What this task involves> Only the lines from the one with "减持前启明维创、QM33合计" through the final line below belong in the answer, copied exactly and without pictures.

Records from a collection
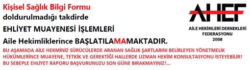 EHLİYET İÇİN SAĞLIK RAPORU ALACAKLARIN DİKKATİNE
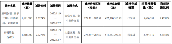 减持前启明维创、QM33合计持有公司股份5,562,419股,合计占公司普通股总股本8.3432%,本次减持后合计持有股份3,744,119股,合计占公司普通股总股本比例为5.6159%。
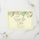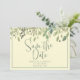 Moderno Salvar os anúncios de data apresentam a aquarela cor-de-água eucalipto deixa borda no plano de fundo do creme com blocos de texto verdes personalizáveis nas fontes modernas
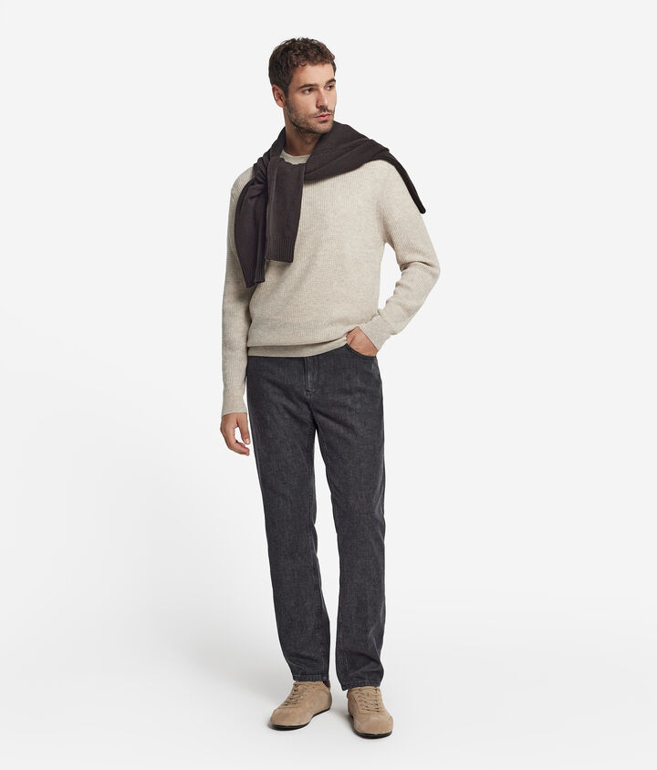 New inRibbed Ultrasoft Cashmere pullover with zip€499.00Select your colorStoneDark Grey MelangeNavy BlueSelected color: Stone
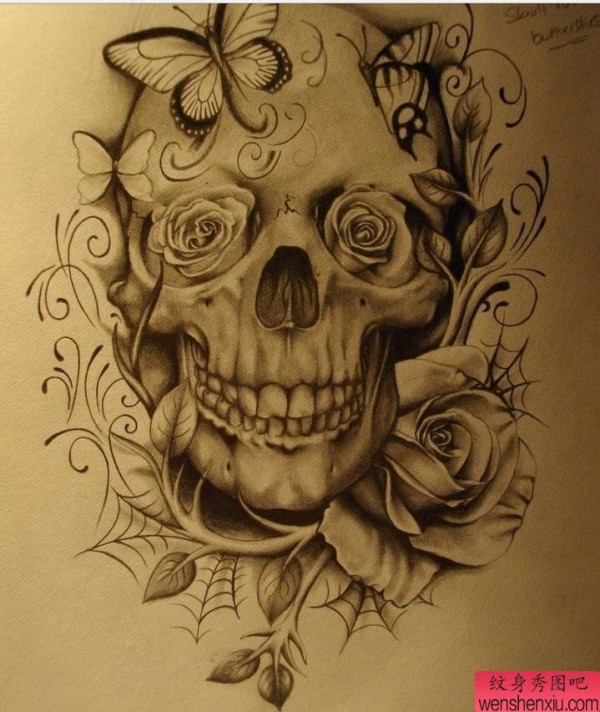 纹身图吧分享一张骷髅头花蝴蝶刺青手稿图案
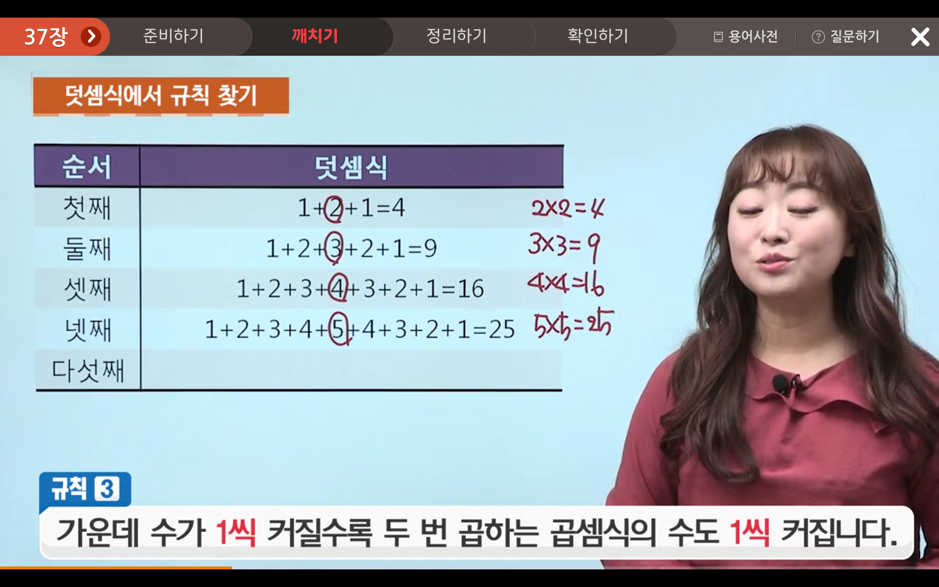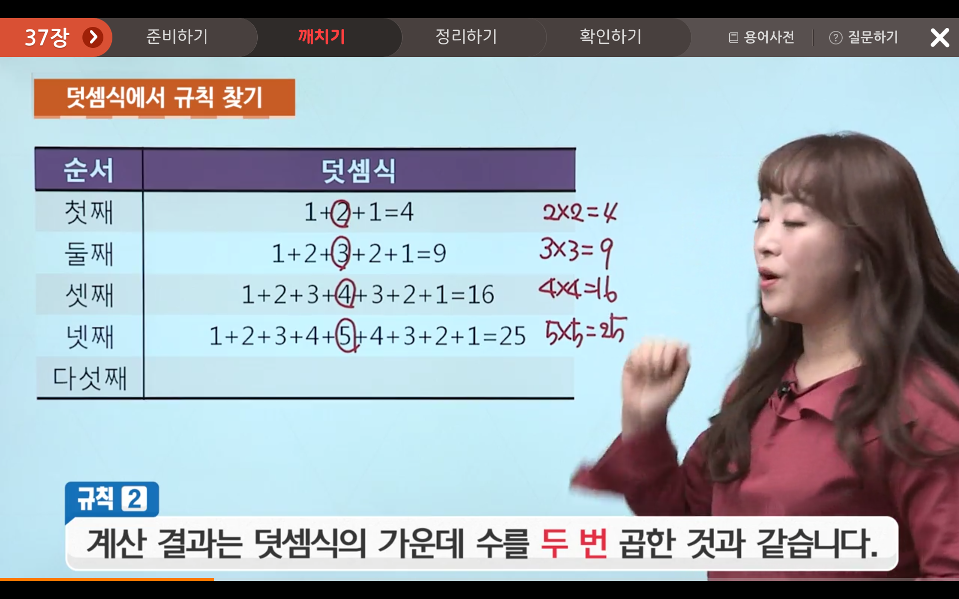 첫째의 합은 4(2x2), 둘째의 합은 9(3x3), 셋째의 합은 16(4x4), 넷째의 합은 25(5x5) 그렇다면 다섯째의 합은?
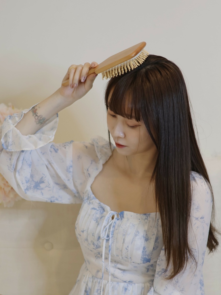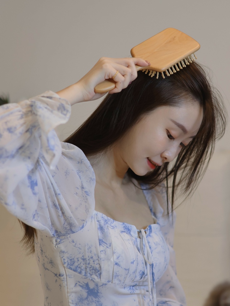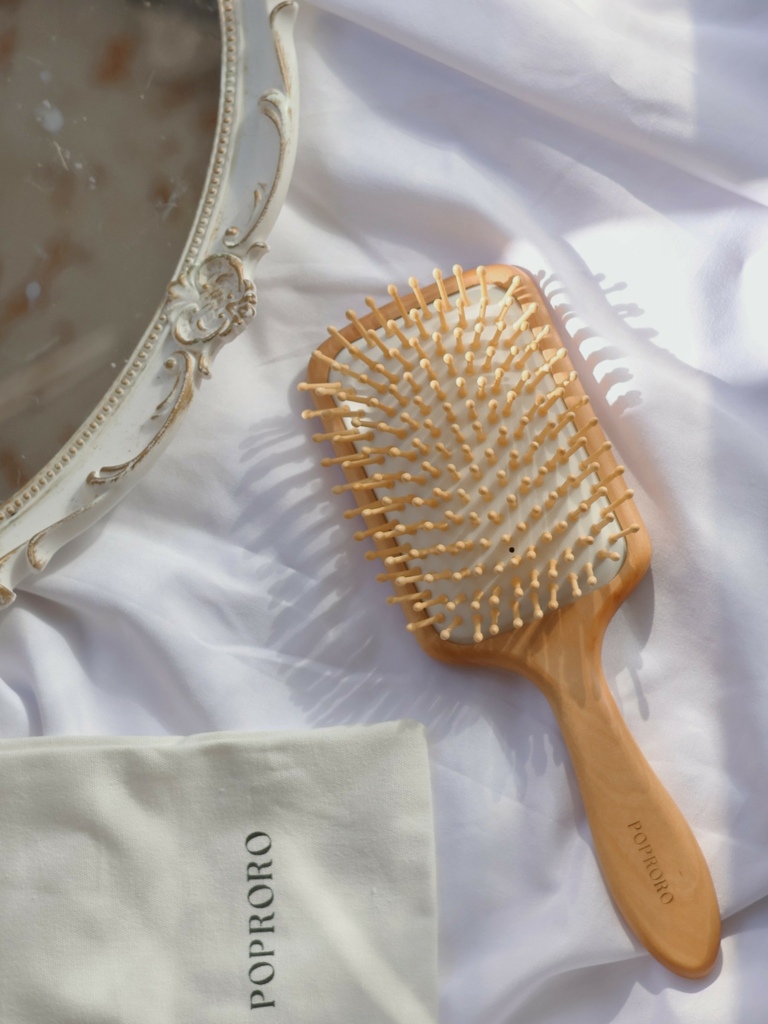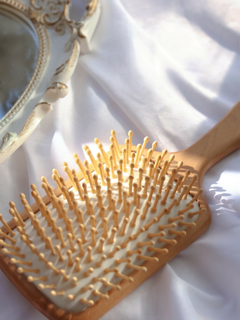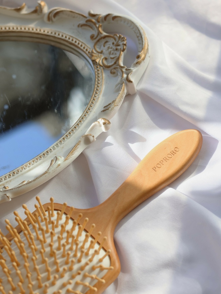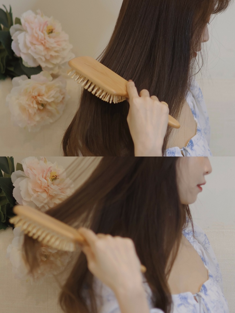使用天然禾木圓頭梳針

Expected answer>
 减持前启明维创、QM33合计持有公司股份5,562,419股,合计占公司普通股总股本8.3432%,本次减持后合计持有股份3,744,119股,合计占公司普通股总股本比例为5.6159%。
 Moderno Salvar os anúncios de data apresentam a aquarela cor-de-água eucalipto deixa borda no plano de fundo do creme com blocos de texto verdes personalizáveis nas fontes modernas
 New inRibbed Ultrasoft Cashmere pullover with zip€499.00Select your colorStoneDark Grey MelangeNavy BlueSelected color: Stone
 纹身图吧分享一张骷髅头花蝴蝶刺青手稿图案
 첫째의 합은 4(2x2), 둘째의 합은 9(3x3), 셋째의 합은 16(4x4), 넷째의 합은 25(5x5) 그렇다면 다섯째의 합은?
使用天然禾木圓頭梳針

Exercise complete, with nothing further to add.